The potential of this cell is 1.53 volts, so the correct answer is A. 1.53 volts.
To find the potential of the cell using the Nernst equation, we can use the formula E= E^∘- (2.303RT)/(nF) log Q, where E° is the standard cell potential, R is the gas constant (8.314 J/(mol·K)), T is the temperature in Kelvin, n is the number of moles of electrons transferred in the balanced chemical equation, F is Faraday's constant (96,485 C/mol), and Q is the reaction quotient.

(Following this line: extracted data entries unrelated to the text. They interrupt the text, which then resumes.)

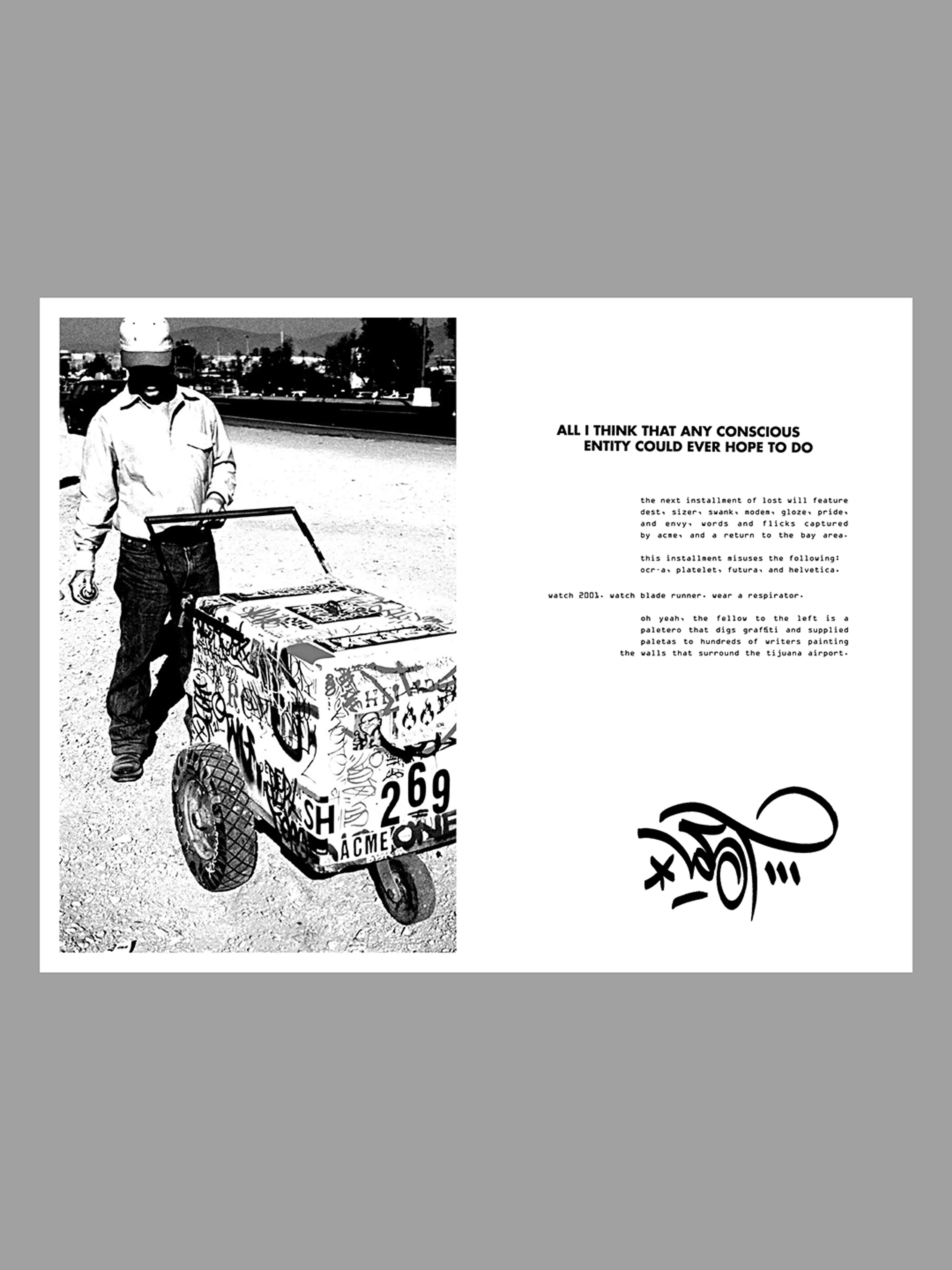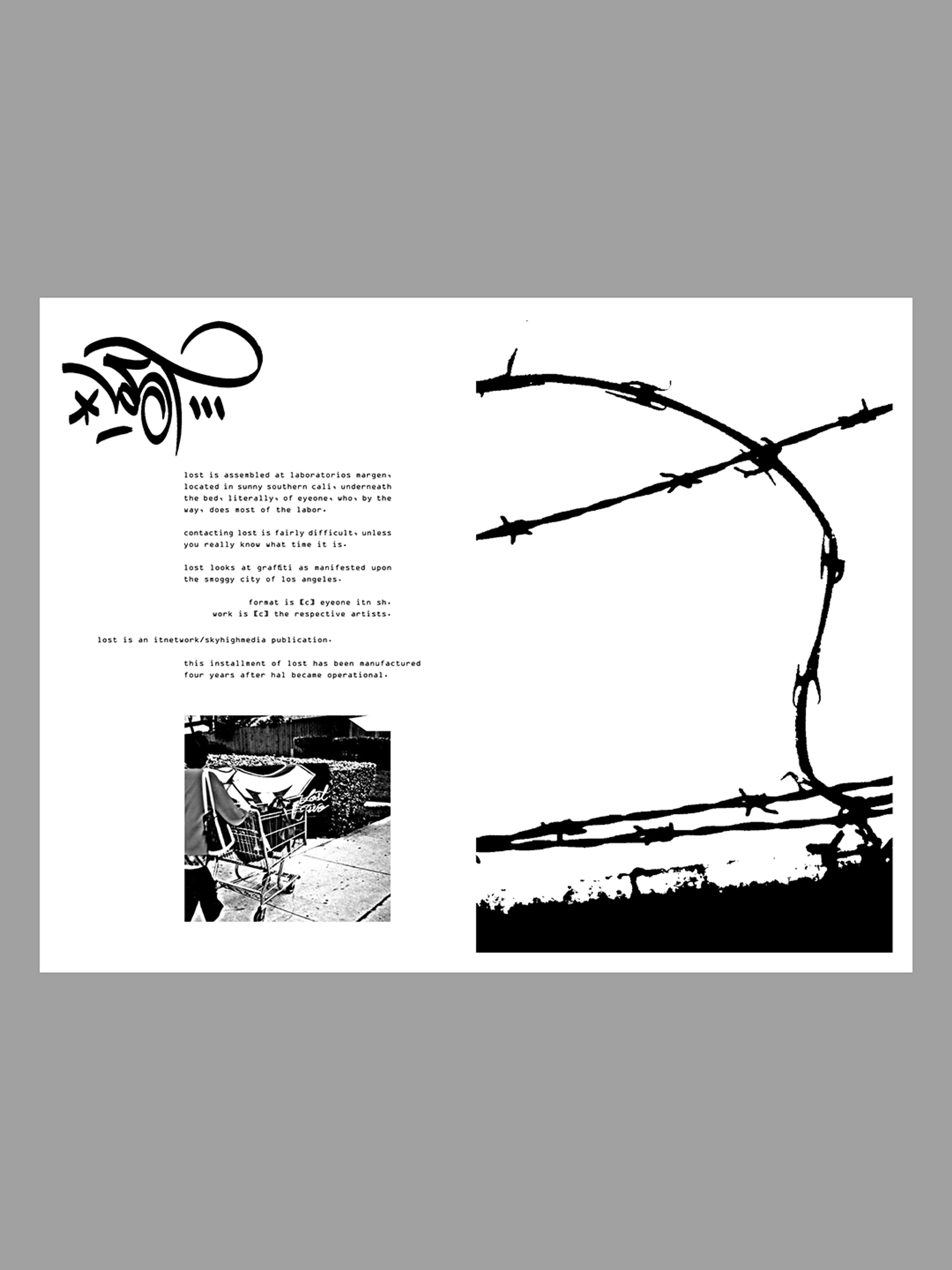 Lost is a DIY graffiti publication started in 1998 by Eyeone in Los Angeles dedicated primarily to the local graffiti movement. This issue from 2001 was designed and art directed by Raymundo T. Reynoso.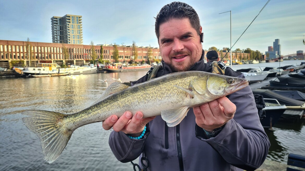 Op het IJ en nabij de Houthavens was het tijd voor grover werk. Hier zorgden pluggen en dieper gevist kunstaas voor meerdere vissen, tot grote tevredenheid van de groep.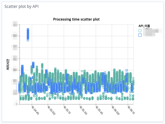 일부 요청의 처리 시간이 다른 요청 대비 오래 걸렸다는 것을 산포도를 통해 쉽게 인지할 수 있는 예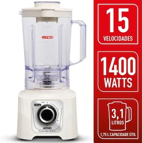 Liquidificador power max marfim 1400w 220v ln64 ln5571b2 Ln5571b2 power max 1400w regular 220v ln64 O liquidificador arno power max 1400w é para quem quer mais são 15 velocidades e 1400w de potência, além de uma jarra super robusta de 3, 1l de capacidade para fazer grandes quantidades para toda a família. Conta com o poder das lâminas powelix - 4 lâminas super afiadas que proporcionam diferentes ações no preparo. Com o arno power max 1400w você tem máxima potência, eficiência e design para sua cozinha. um eletrodoméstico indispensável na sua casa. O liquidificador arno liquidificador o ajudará a obter resultados incríveis em tudo o que você preparar, seja para desfrutar de uma bebida gelada, de molhos e sopas, ou de sobremesas deliciosas. Tenha-o sempre ao alcance da sua mão

Plugging in the given values:
E° = +1.56 volts
T = 100°C = 373 K
[Ag+] = 5.0 M
[Zn2+] = 1.0 M
The balanced chemical equation shows that 2 moles of electrons are transferred, so n = 2.
Using the Nernst equation, we can calculate:
E= 1.56 - ((2.303 * 8.314 * 373)/(2 * 96485)) * log(5.0^2 / 1.0)
E= 1.56 - (4.551 * 10^-3) * log(25)
E= 1.56 - (4.551 * 10^-3) * 1.397
E= 1.56 - 6.35 * 10^-3
E= 1.53 volts
Therefore, the potential of this cell is 1.53 volts, so the correct answer is A. 1.53 volts.